Door de bouw van het station
veranderde de oude wijk Avendoren drastisch van uitzicht. Wegens haar functie
als tussenstation werd Tienen van bij de aanvang uitgerust met een
locomotiefdepot en werden ateliers en slaap- en wasplaatsen voor de machinisten
en de stokers voorzien. Nieuwe hotels en herbergen voorzagen in de opvang van
gestrande reizigers. Hierdoor kreeg een nieuw plein vorm (foto links) dat tot op de dag van vandaag nog nagenoeg hetzelfde is gebleven.
Op
10 augustus 1839 was tussen de Belgische staat en het stadsbestuur
overeengekomen om het station buiten het stedelijke tolsysteem te houden. Om de
aanvoer van goederen naar het stadscentrum mogelijk te maken, werd op de hoek
van het plein een tolhuis gebouwd. Het bureau heeft slechts tot in 1860 dienst
gedaan, want in datzelfde jaar werden de stadsoctrooien afgeschaft. Daarna werd
het gebouw omgevormd tot Hôtel de lIndustrie.
De
belangrijkste acceleratie van de nieuwe industriële groei tijdens de eerste
helft van de 19de eeuw was de aanleg van de spoorlijn Leuven-Tienen. De jonge
Belgische natie toonde al van bij de aanvang interesse voor de uitbouw van een
spoorwegennet. Uit economisch oogpunt wou men namelijk een verbinding tussen
Schelde, Maas en Rijn tot stand brengen die over het eigen grondgebied liep. De
trein, het uit Engeland afkomstige nieuwe transportmiddel, leek hiervoor een
ideaal alternatief. Het project dat deze verbinding over Leuven en Tienen liet
lopen, won geleidelijk meer aan steun. Hierdoor werden immers de meest
geïndustrialiseerde en de dichtst bevolkte gebieden betrokken. Op 1 mei 1834
bekrachtigde Leopold I de wet op de spoorwegen.

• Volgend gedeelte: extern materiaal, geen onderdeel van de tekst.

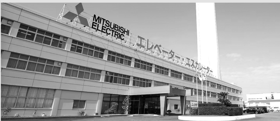
● Trụ sở Mitsubishi ở Nhật Bản.

Sau tàn phá của Thế chiến II, Nhật Bản đã nhanh chóng vực dậy để trở thành siêu cường kinh tế lớn thứ hai thế giới (sau Hoa Kỳ) trong một nỗ lực được gọi là “Phép màu kinh tế”. Các nhà quan sát phương Tây ghi nhận sự chuyển đổi chưa từng có này là có phần đóng góp của keiretsu. Tuy nhiên, quá trình toàn cầu hóa đã khiến Nhật Bản phải liên tục ban hành các quy định cải cách keiretsu.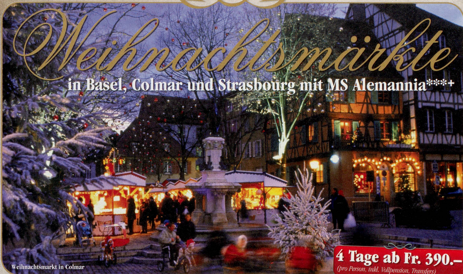
Weihnachtsmarkt in Colmar

4 Tage ab Fr. 390.- (pro Person, inkl. Vollpension, Transfers)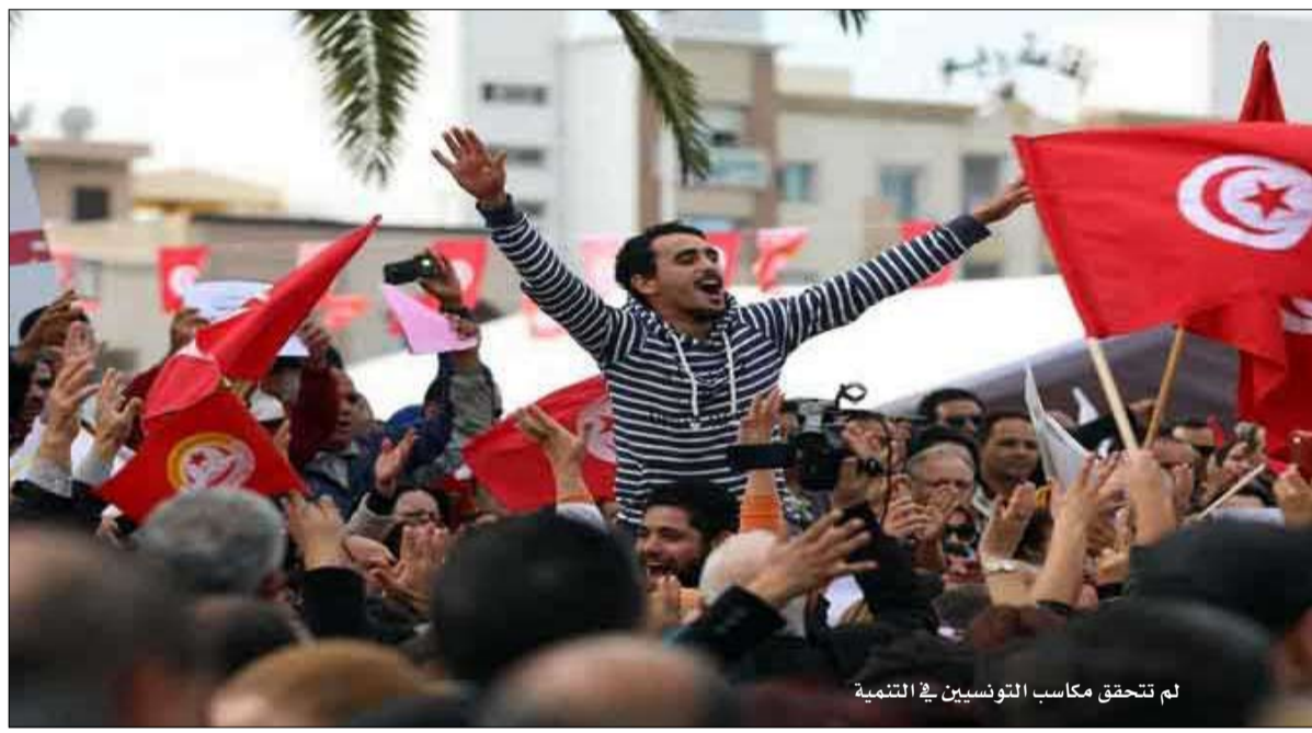
لم تتحقق مكاسب التونسيين في التنمية

Hierbij werd de aanleg van een
uitgebreid spoorwegennet voorzien waarbij alle grote Belgische centra met
elkaar en met de belangrijkste buitenlandse handelspartners verbonden werden.
Binnen het jaar werd met de werkzaamheden van start gegaan en op 5 mei 1835
spoorde de eerste trein tussen Mechelen en Brussel.
Op 21 september 1837 werd de
nieuwe spoorlijn Leuven-Tienen ingereden. Op 2 april 1838 nam men de lijn
Tienen-Waremme in gebruik (foto links). In de loop van de 19de eeuw
werden ook de lijnen Tienen-Hoegaarden-Geldenaken-Namen en Tienen-Diest-Mol tot
stand gebracht. Voor de opkomende Tiense industrie had het spoorverkeer een
aantal belangrijke voordelen. De reisduur werd immers aanzienlijk ingekort, de
transportonkosten werden gedrukt en voor de eerste maal in de geschiedenis kon
men op een vrij gemakkelijke manier grote hoeveelheden goederen vervoeren.